- Episode no.: Season 2 Episode 2
- Directed by: Allan Arkush
- Written by: Michael Green
- Production code: 202
- Original air date: 1 October 2007

Guest appearances
- Cristine Rose as Angela Petrelli; Ashley Crow as Sandra Bennet; David Anders as Takezo Kensei; Jimmy Jean-Louis as the Haitian; Nicholas D'Agosto as West Rosen; Barry Shabaka Henley as Det.

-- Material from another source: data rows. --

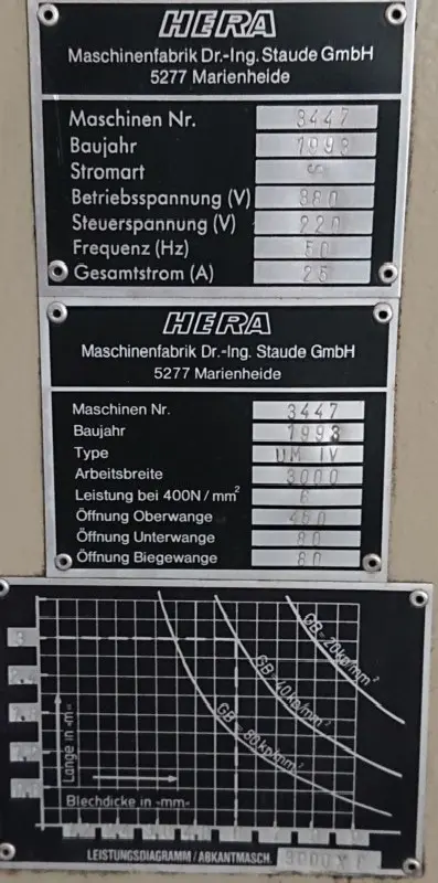 Gebrauchte Schwenkbiegemaschine HERA UM IV (Baujahr 1993) mit NC-Steuerung kaufen – Bewährte Leistung, Kosteneffizienz für Ihr Unternehmen
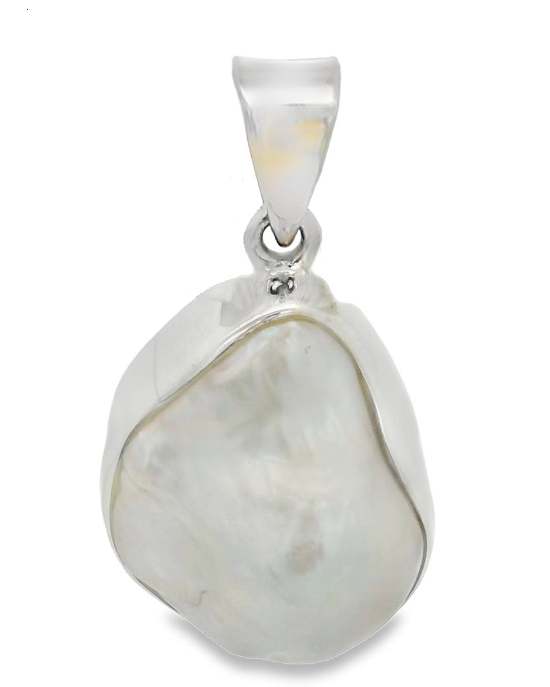 Adorn yourself with this stunning freshwater pearl pendant. Its classic pear shape, encased in sterling silver, exudes timeless elegance and subtle sophistication. A perfect addition to any jewelry collection.
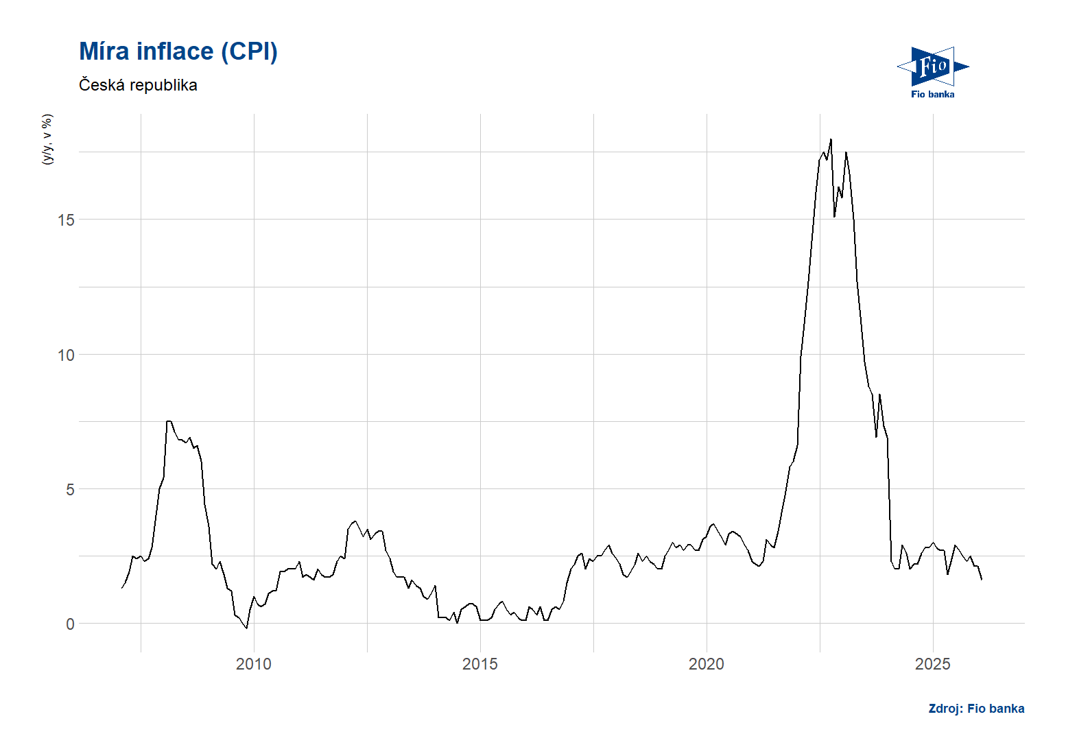 ČR: Index CPI v lednu podle konečných dat meziročně vzrostl o 1,6 % v souladu s očekáváním

Fuller; Holt McCallany as Ricky; Ivonne Coll as Nidia; Eriko Tamura as Yaeko; Shalim Ortiz as Alejandro Herrera; Dianna Agron as Debbie Marshall; Adair Tishler as Molly Walker; Katie Carr as Caitlin; Yareli Arizmendi as Healer; Stephen Tobolowsky as Bob Bishop; Dominic Keating as Will; Adetokumboh McCormack as Tuko; Mark Colson as Mr. Zern; Sara Soloman as Martha; Kurando Mitsutake as White Beard;

Episode chronology
| ← Previous "Four Months Later..." | Next → "Kindred" |
- Heroes season 2

= Lizards (Heroes) =

"Lizards" is the second episode of the second season of the NBC superhero drama series Heroes. The episode was written by Michael Green and was directed by Allan Arkush. It originally aired on October 1, 2007.

==Plot==
The Irish criminals who found Peter Petrelli shackled inside a cargo container are holding him captive. They violently interrogate him about the missing cargo (a shipment of iPods). Caitlin, the sister of Ricky, the leader of the criminal gang, tends to Peter, who is still unable to remember even his name.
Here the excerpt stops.